Arjen de Korte nut+devel at de-korte.org
Mon Oct 20 14:24:47 UTC 2008


Citeren Arnaud Quette <aquette.dev at gmail.com>:

>>> that's 1 of the 2 main use cases here.
>>> the other being that upsmon could monitor
>>> outlet.X.autoswitch.charge.low (where X is the outlet on which we
>>> subscribed the slave) against battery.charge to launch the shutdown
>>> without the need of upssched.
>>
>> I'm afraid that's something that is not very practical to use. :-)
>
> well, for the user, it simply means a small addon in upsmon.conf, like:
> MONITOR system powervalue username password type
> with system being currently:
> <upsname>[@<hostname>[:<port>]]
> transformed into:
> <upsname>[[:outlet-number]@<hostname>[:<port>]]

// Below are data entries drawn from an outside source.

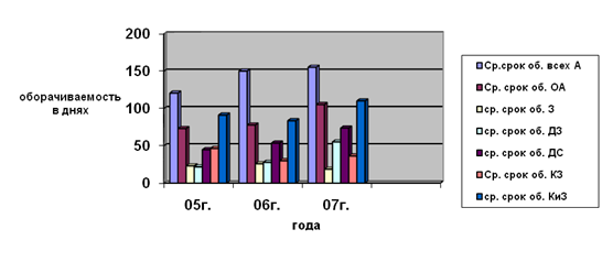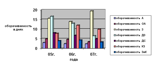 Как показывают данные таблицы 6 за 2007 год активы организации растут быстрее чем выручка, а темп прироста прибыли отрицательный, значит затраты на производство продукции возрастают, отсутствует эффективное использование ресурсов и расширение производства. При сопоставлении темпов роста «золотое правило экономики» не соблюдается (2006 год- чистая прибыль >выручки от продаж< темпа роста активов>100%, 2007 год чистая прибыль <выручки от продаж< темпа роста активов>100%), следовательно нужно изменить подходы к управлению ресурсами на ОАО «НКМК». 2.8 Анализ показателей оборачиваемости Для принятия обоснованных управленческих решений важна подлинная динамика хозяйственной жизни предприятия, которая может быть раскрыта с помощью показателей оборачиваемости. Оборачиваемость - это показатель, демонстрирующий объем (масштабы) изменения (движения) актива или пассива в целом, либо конкретных статей актива и пассива за определенный период. Показатель оборачиваемости рассчитывается на основе учетных данных путем деления оборота по счету на среднее значение его сальдо. Понятие "оборачиваемость" подразумевает выбытие активов и погашение пассивных обязательств, показатель оборачиваемости товаров говорит о том, сколько раз за отчетный период предприятие продает объем товарных запасов, продемонстрированный в активе баланса, оборачиваемость товаров в смысле динамики этой статьи актива выражается не только объемом продаж, но и объемом поступлений товаров [8, c.396]. Анализ показателей оборачиваемости предоставлен в таблице 7 и рисунке 12. Таблица 7
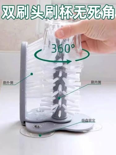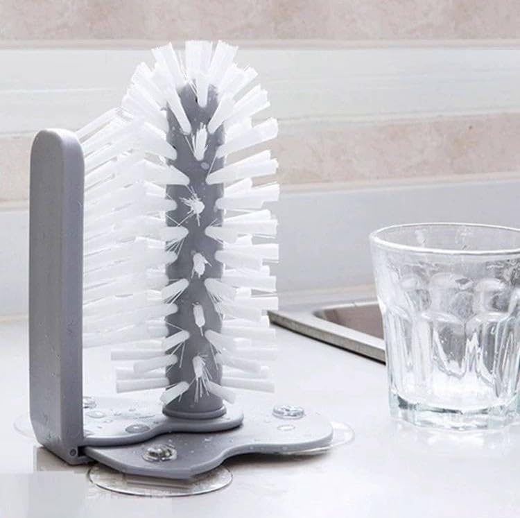 Generic - Generic Cup and Glass Washing Brush with 2 Brushes and 3 Suction Cups, Kitchen Cleaning Tool .sa
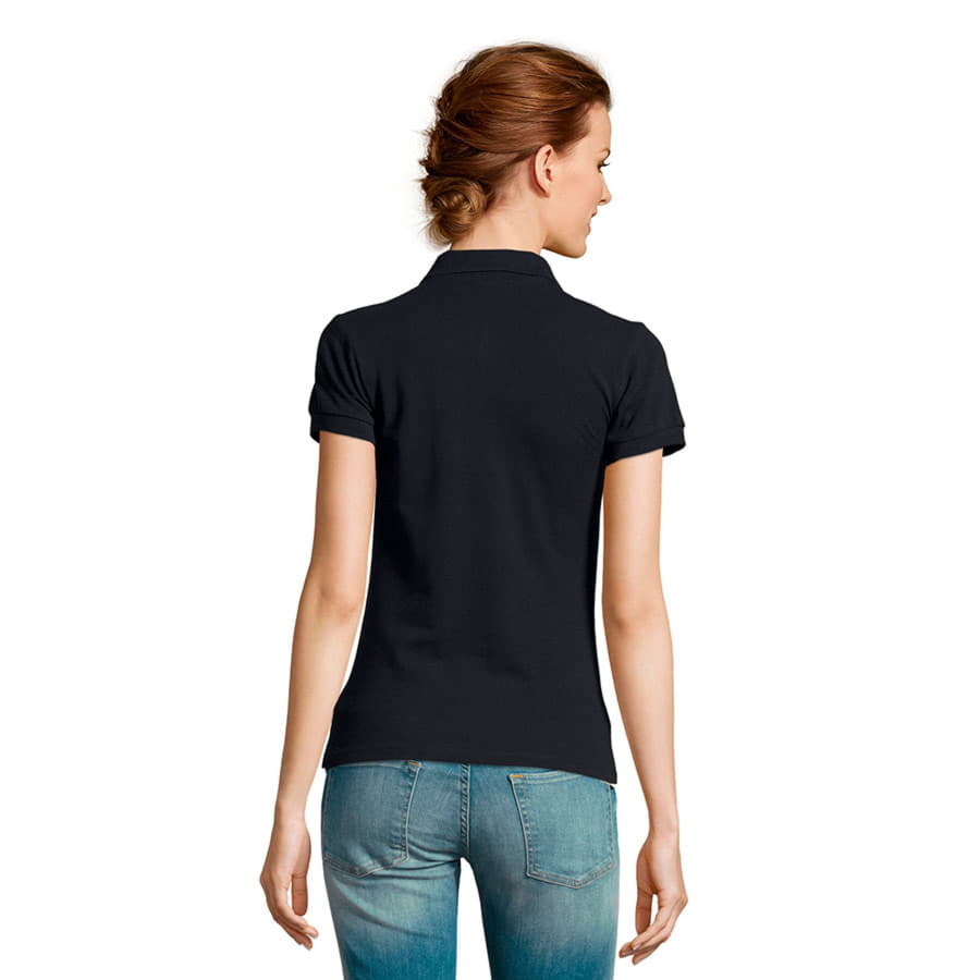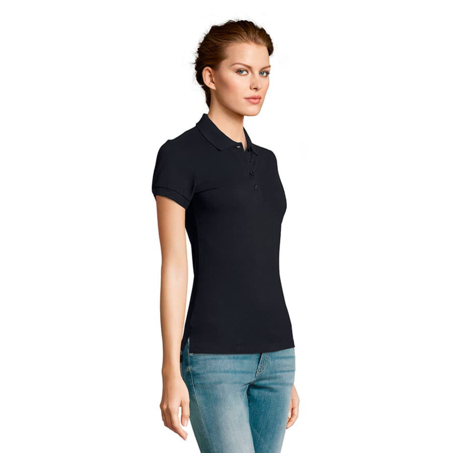 Женская рубашка поло.Прилегающий силуэт.Прямой низ с боковыми разрезами.Воротник и манжеты из рибаны в тон изделия.Ворот укреплен тесьмой.На планке воротника 4 пуговицы в тон изделия.
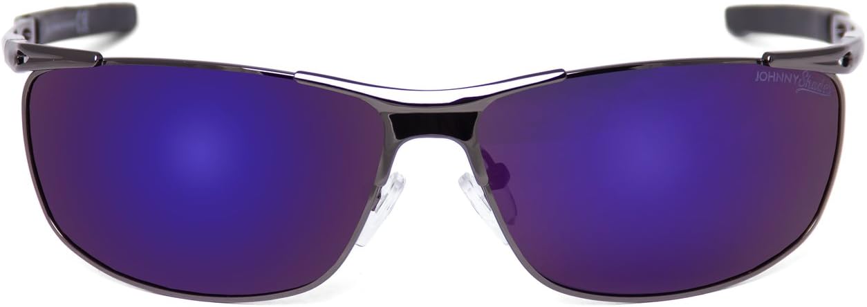The “Lexani” sunglasses feature an edgy wraparound design that is perfect for a luxury look with the function of a close fit sport design with R-Grip rubberized tips. These feature all metal (stainless steel) rigid frames, with ultra quality spring hinges, make these very comfortable on any face shape or size. Our trademarked Johnny Shades logo is laser etched on the front left lens.
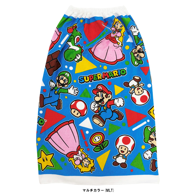 スーパーマリオ 総柄巻きタオル(125960)水泳 スイミング 海水浴 プール スポーツ スカートタオル ラップタオル 子供用 ジュニア キッズ
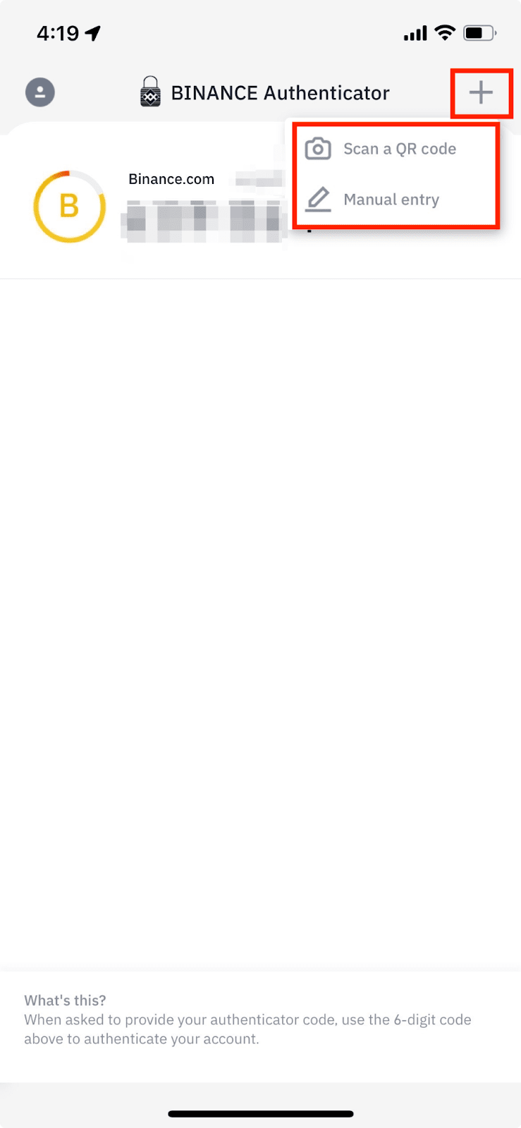 手机端:打开币安验证器App,点击界面上的[+]号按钮或[扫码添加]选项。

I understand, but still (in the context of NUT), you can't use an  
autoswitched outlet (that was my point). We need an advance warning to  
be able to shutdown clients and this is something that autoswitched  
outlets don't provide as far as I know.

> the thing is that, for that particular purpose (outlet subscription),
> we need to handle this smartly.
> we don't only want to shutdown early. But also to handle associated
> commands (off / reboot of an outlet) smartly.
> ie, the smart loads have to be instructed that they have to shutdown.
> the reboot is an extension of this case, with a sufficient delay for
> the load to shutdown.

Understood. Still I think we should either handle this in either the  
driver or maybe even the server. The latter could also add additional  
devices if it noticed that a system has multiple outlets and the provide

     upsname (default)
     upsname-0
     upsname-1
     upsname-2

for the various outlets. Basically the same idea as the chained  
approach, but with lower load on the driver (although I'm not too  
worried about that).

> The on part is then standard...

No, it isn't. That's the tricky part here. It could very well be that  
(when running on battery)  by switching off a substantial part of the  
load means the remaining runtime of a UPS goes up, higher than the  
switch-off point for that outlet. So you risk that the outputs will  
return then and the whole process starts again. Deciding when to  
switch on the loads is probably a lot more difficult than when to  
switch them off.

[...]

> interesting. don't know you if you recall, but I once talked about a
> similar approach for the composite devices (paralell/serialized UPSs,
> chained UPS and PDUs, ...) to operate some data processing.
>
> As told at the beginning of the mail, your approach fails in this
> particular case because there is no link between the real ups
> (master-ups) and the sub ones.

Sure there is, the slaves would see (almost) all the data from the  
master. To them, it is like they have a dedicated UPS with just one  
switchable outlet.

> So, what happens if you fire an outlet.1.load.off on the master?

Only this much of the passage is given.